Esto no va de respeto intercultural, sino de libertad de credo, ideológica y de expresión. Si ponemos, con razón, el grito en el cielo —nunca mejor dicho— porque personas o asociaciones con nivel de tolerancia cero, fiscales o jueces de la misma cuerda abren procesos penales e incluso llegan a condenar a quien reniega, también maleducadamente —solo faltaría— de las creencias religiosas de los otros, aquí, en nuestra casa, no tenemos que soportar la justicia particular de los energúmenos barbados que, además de a la suya, también quieren someter a nuestra gente.

Uno de los paradigmas más obvios de la libertad ideológica y de expresión es la crítica a las bases del sistema imperante, crítica lícita, también aunque sea sangrante y desagradable para los creyentes del sector que se siente ofendido. Lo es también, por lo tanto, la crítica feroz incluso —merecido lo tienen— de las religiones, especialmente de las religiones oficiales y de las que constituyen la columna vertebral de los Estados en autoritaria síntesis. ¿Os suena, verdad? Nada más patético que clérigos cristianos o judíos "entiendan" el enfado de ciertos extremistas musulmanes por las "ofensas" que sufren. ¡Entre bomberos no se pisa la manguera!
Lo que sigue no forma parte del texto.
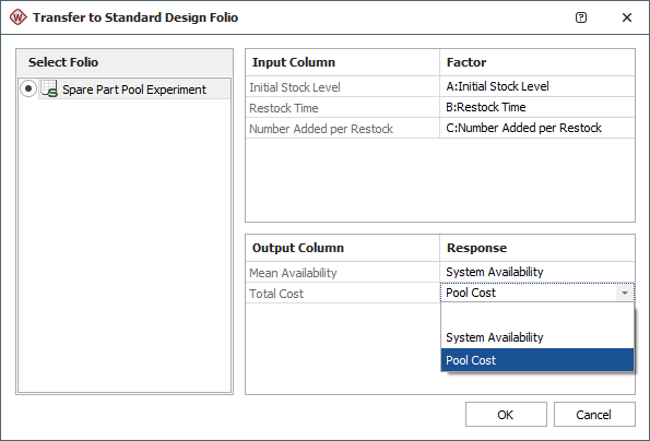 In the window that appears, select the design folio to transfer to and match up the columns in the design folio (factor/response columns) with the columns in the simulation worksheet (input/output columns), as shown next.

La ofensa, la de verdad, es no dejar a los otros expresar sus opiniones por hirientes que sean. Sin tolerancia no puede haber libertad. La censura o la represión de la libertad ideológica y de expresión, llegando incluso a la violencia aniquiladora de quienes se considera ofensores, es lo que resulta absolutamente intolerable.

Aprovechando el verano, para concluir, recomiendo una película soviética tan inteligente como furibundamente anticlerical como es La fiesta de Sant Jordi (1930, Yakov Protazanov y Porfiri Podobed). Además, un par de escenas, que reconocerán enseguida, en Viridiana (1961, Luis Buñuel), y otra en Bananas (1971, Woody Allen).

Al fin y al cabo, si quiero dar mi vida por Dios —¡mi Dios!—, es una cosa entre él y yo y a decidir por mí. Entre nadie más y por nadie más. Y ningún precio tienen que pagar los otros por esta inmolación real o espiritual.